Un Vikingo en el Bosque
Los recuerdos de mi primer encuentro con Jaime Silva se me presentan como fragmentos de un sin número de anécdotas vinculadas a nuestros inicios de lo que por aquellas fechas era una actividad teatral que crecía y se proyectaría desde la academia, a pesar de tener solo 16 años. Recién llegado a Valdivia, Jaime Silva se había instalado, junto a Gabriel Rojo, en una casa en las afueras de la ciudad hacia el sector de Piedra Blanca, camino al sur, en un lugar montañoso y aislado. Una tarde estábamos junto a mi hermana gemela, Eugenia, en casa de Verónica Cortínez, y su madre, Matilde nos pregunta si queríamos acompañarla a saludar a un profesor recién llegado a la ciudad. Nosotras, aún no conscientes de nada, lo vimos como un panorama posible y partimos en la citroneta de Matita* hacia el lugar. Recuerdo que llegamos al caer la tarde y el lugar no tenía luz eléctrica.
Entramos a la casa, y ahí lo vi por primera vez. Un hombre alto, imponente, con un largo pelo rubio, una barba y ojos azules, tendría calculo yo, en ese tiempo, unos 35 o algo más de edad. No recuerdo el detalle de la reunión, pero sí algo insólito que ocurrió aquella vez: llevábamos ya bastante rato en la conversación y de pronto me percato que en un rincón de la habitación había otra persona, muy quieta en la oscuridad, fumando un cigarro. Era Gabriel, el compañero de Jaime, que había llegado con él. Un hombre callado, de mirada inquietante, moreno, también de porte imponente. Desde una perspectiva de adolescente ambos hombres construían un cuadro bastante perturbador, pero hoy día los percibo como personajes de un cuento que más tarde abriría páginas maravillosas en nuestras vidas. Jaime Silva era un maestro de aquellos que con su sabiduría y estilo marcan huellas profundas. Su amor al teatro, su tremenda habilidad de traspasar conocimientos y hacerte sentirte cómoda a la hora de interpretar un rol. Los ensayos con él eran una experiencia en la que nos sumergíamos sin tiempos ni apuros. El mundo externo quedaba fuera de inmediato y las horas pasaban sin darnos cuenta. Tuve la suerte de compartir escenario con él cuando montamos La Carroza del Santo Sacramento de Próspero Merimée, yo en el rol de Camila Perricholi, y él como marido. Al comienzo sentía un poco de pudor, pero luego fue una experiencia fantástica.

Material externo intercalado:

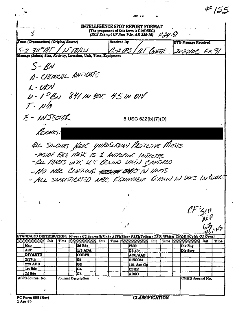 Document 1 f:/Week-22/BX001605/101ST ABN DIV AASLT DUTY LOG FEB 91-D/intelligence spot report:092096155906110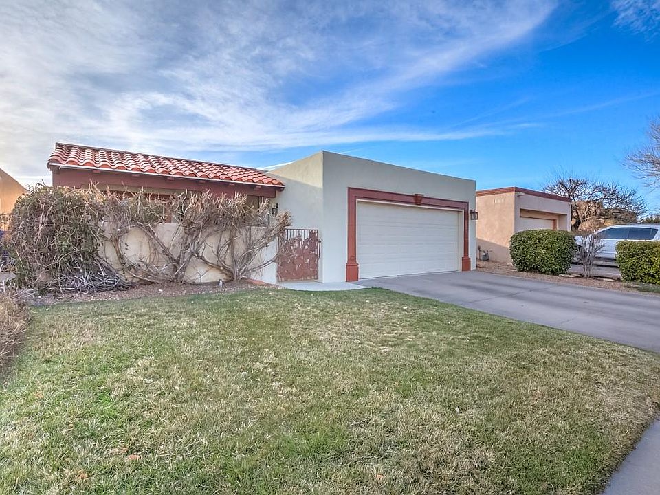 OPEN HOUSE Sun Mar 11 12-2pm! Be wowed when you step into this delightful, hard to find single story patio home in the gated Tanaon subdivision. This upgraded and upscale home features a stunning living room with high, beamed ceilings, saltillo tile floors and a gorgeous fireplace. The dining room is open to the living room and creates a wonderful space for entertaining. The gourmet kitchen is a delight with a wine refrigerator & sunny breakfast room with beautiful mountain views. The bedrooms have new carpet installed in March 2018. Backyard is both easy maintenance and an entertainer's delight, with beautiful outdoor kitchen. The front patio is perfect for watching the sunrise over the gorgeous Sandia mountains. The home is also really quiet and feels private and comfortable. Enjoy!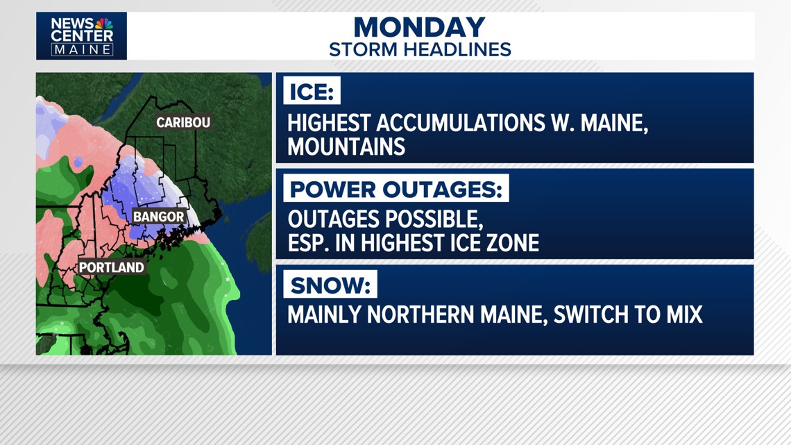 MAINE, USA — A winter storm will continue to impact Maine the entire day Monday. This storm will have a messy, icy mix of snow, sleet, and freezing rain across the state, with big impacts to travel expected.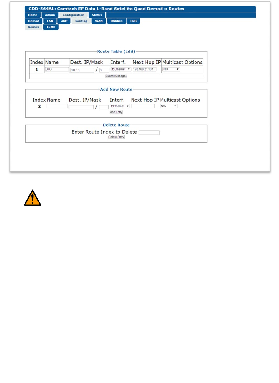 Use this page section to change existing entries in the Route Table.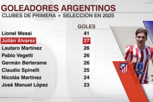 進入2025年,阿爾瓦雷斯在俱樂部和國家隊已打進27球,阿根廷球員中僅次于梅西的41球。在阿爾瓦雷斯身后是勞塔羅(26球)、維格蒂(26球)、貝爾泰拉梅(26球)、斯皮內(nèi)利(25球)、尼古拉斯-馬丁內(nèi)斯(24球)以及何塞-洛佩斯(23球)。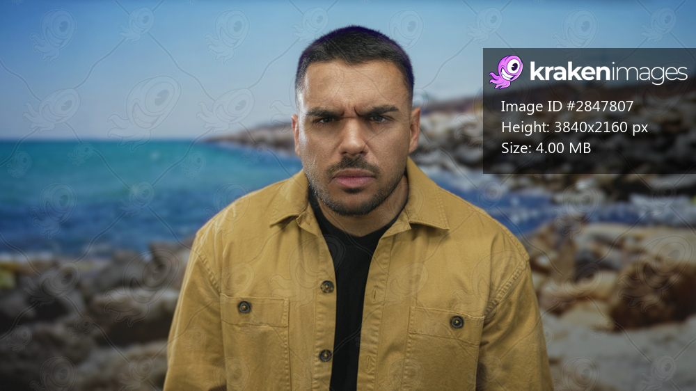 Man frowns with knit eyebrows in studio near sunlit rocky shore for a coastal portrait; seriousness.

Jaime nos llamaba «las lolas», por nuestra juventud, y tenía la paciencia de pasar por alto pequeñas conductas propias de la edad. Cuando fuimos de gira a Santiago con el Oratorio Escénico 1850 en plena dictadura, embarcó a todos en la Pingüina, la micro amarilla de la universidad, pero tuvo la gentileza de protegernos de aquello y consiguieron un avión pequeño que nos trasladó a Santiago. Como llegamos antes, nos trasladamos al Teatro Municipal y tras largas horas de espera, sin entender que ocurría, porque no llegaban, nos comentan que los habían llevado detenidos por circular en toque de queda. Él era capaz de salir de todas esas situaciones, siempre con una sonrisa. Jaime Silva era un animal de teatro, como son muy pocos. Años más tarde y él ya de regreso de un autoexilio en España y Canadá, ya bastante mayor, me sorprendió verlo trabajando en Santiago con una sobrecarga enorme. Su regreso a Chile no estuvo exento de sinsabores. Se le vinculó injustamente como colaborador al régimen de Pinochet. Cosa que no fue así, su decisión de seguir trabajando y venirse al sur de Chile en esos tiempos, sólo respondió al enorme amor que sentía por el teatro, por un teatro «vivo», a pesar de todo.
Margarita Poseck Menz
- «Matita» era el sobrenombre cariñoso de esa maravillosa mujer llamada Matilde Romo.